Thermoelectric power factor of Bi-Sb-Te and Bi-Te-Se alloys and doping strategy: First-principles study

Abstract

The Bi2Te3-related binary compounds (Bi2Te3, Sb2Te3, Bi2Se3, and Sb2Se3) and ternary alloys [(Bi1-xSbx)2Te3 (BST, 0 ≤ x ≤ 1) and Bi2(Te1-ySey)3 (BTSe, 0 ≤ y ≤ 1)] are known as the high performance room temperature thermoelectric materials. Here, for the first time, we systematically study the thermoelectric transport properties of BST and BTSe alloys by calculating their thermoelectric power factor (PF) as a function of alloy composition ratio x and y, carrier concentration n, and the absolute temperature T. The band valley degeneracy and the band gap are critical to determine the thermoelectric transport properties of ternaries. We find that PFs of p-type BST are comparable to those of binaries, while those of n-type BTSe are not, due to the band structure similarity.

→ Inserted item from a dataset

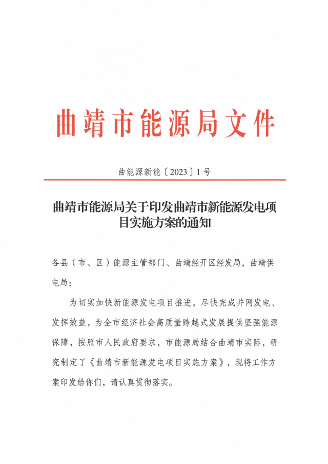 2月8日,曲靖市能源局關(guān)于印發(fā)曲靖市新能源發(fā)電項(xiàng)目實(shí)施方案的通知。通知顯示,為切實(shí)加快新能源發(fā)電項(xiàng)目推進(jìn),盡快完成并網(wǎng)發(fā)電、發(fā)揮效益,曲靖市全力推進(jìn)全市總裝機(jī)976.1萬千瓦、總投資523.53億元的75個(gè)在建風(fēng)電、光伏項(xiàng)目建設(shè),確保2023年完成并網(wǎng)350萬千瓦,完成投資100億元。

And the p-type BST performances are superior to the n-type BTSe due to the longer carrier relaxation time, transport anisotropy, and the band valley degeneracy. We also find that the optimal carrier concentrations which maximize the PFs (nopt) depend on the ternary composition and the transport direction. The bipolar effect is found to be less significant for n-type BTSe due to the large band gap and the large nopt. For p-type poly-crystalline BST, the nopt is between 3 and 4 × 1019 cm−3 and it is achievable by Sb alloying and controlling the concentration of intrinsic defect. However, for n-type polycrystalline BTSe, nopt is ranging between 6 × 1019 cm−3 and 1 × 1020 cm−3 and thereby we need additional extrinsic dopant beyond Se alloying. The defect formation energy calculations reveal that Cl, Br, and I impurities are potential candidates for n-type carrier sources without forming any compensating defect, while F as well as Au is the compensating defect.